Before scanning, make sure all other running programs are closed and no other actions like a scheduled antivirus scan will occur while the scan is being performed. Do not use your computer for anything else during the scan.

Double-click gmer.exe. The program will begin to run.

**Caution**
These types of scans can produce false positives.
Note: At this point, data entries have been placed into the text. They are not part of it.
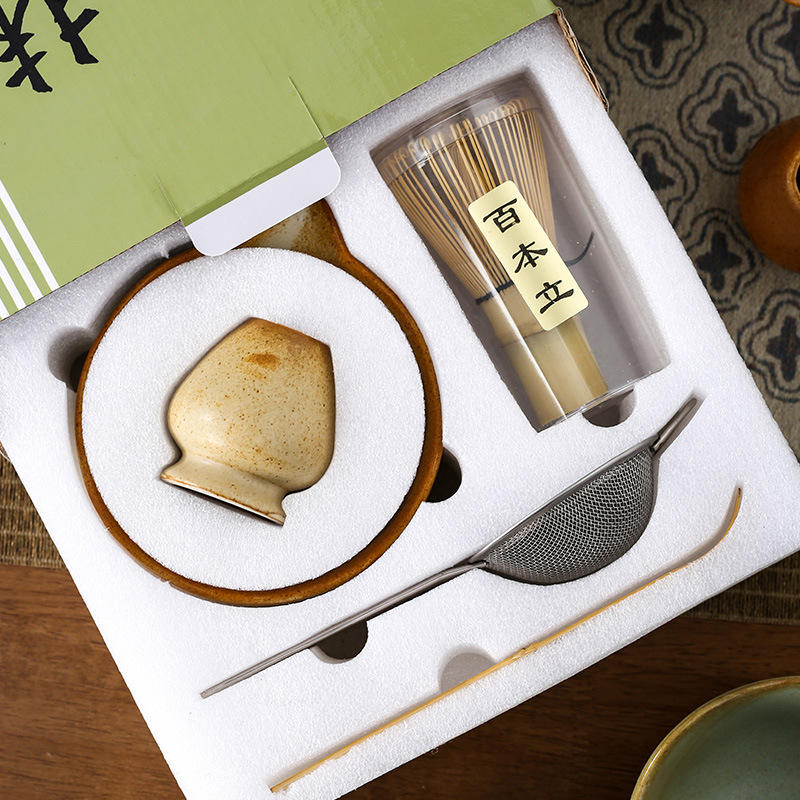 Ensemble d'outils pour le thé fouetté (Diancha) de la dynastie Song : bol à matcha, support pour chasen, chashaku, brosse à mélanger le thé et chasen en bambou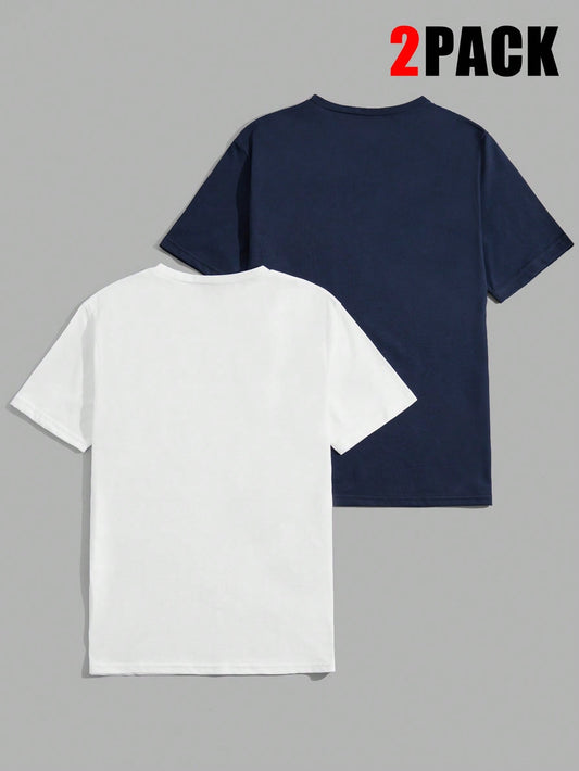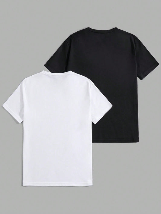 SHEIN Men Cottonline 2pcs Letter Printed Regular T-Shirts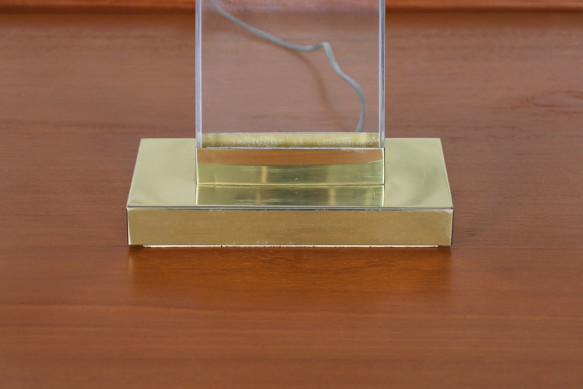 At the heart of each lamp is a thick lucite column that not only provides a striking contrast but also enhances the overall design with its modern appeal. The refined brass details beautifully complement the lucite, showcasing the meticulous attention to detail that Italian craftsmanship is renowned for.
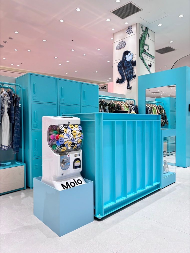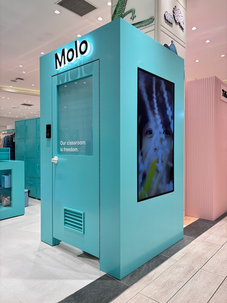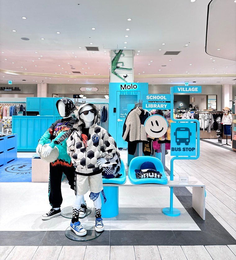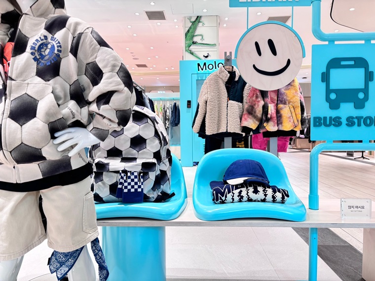 ‘몰로 신세계 강남점’의 인테리어는 버스 정류장 콘셉트로, 스카이 블루 컬러가 포인트로 사용돼 톡톡 튀면서 귀여운 매장 분위기를 조성하고 있다. ‘몰로’는 이 매장을 통해 개성을 중시하고 친환경 가치 소비를 추구하는 3040세대 젊은 부모 고객들의 취향을 공략할 계획이다.

Do NOT take any action on any "<--- ROOKIT" entries unless advised by a trained Security Analyst

If possible rootkit activity is found, you will be asked if you would like to perform a full scan.

• Click NO
• In the right panel, you will see a bunch of boxes that have been checked ... leave everything checked and ensure the Show all box is Unchecked.
• Now click the Scan button.
  Once the scan is complete, you may receive another notice about rootkit activity.
• Click OK.
• GMER will produce a log. Click on the [Save..] button, and in the File name area, type in "GMER.txt"
• Save it where you can easily find it, such as your desktop.

Post the contents of GMER.txt in your next reply.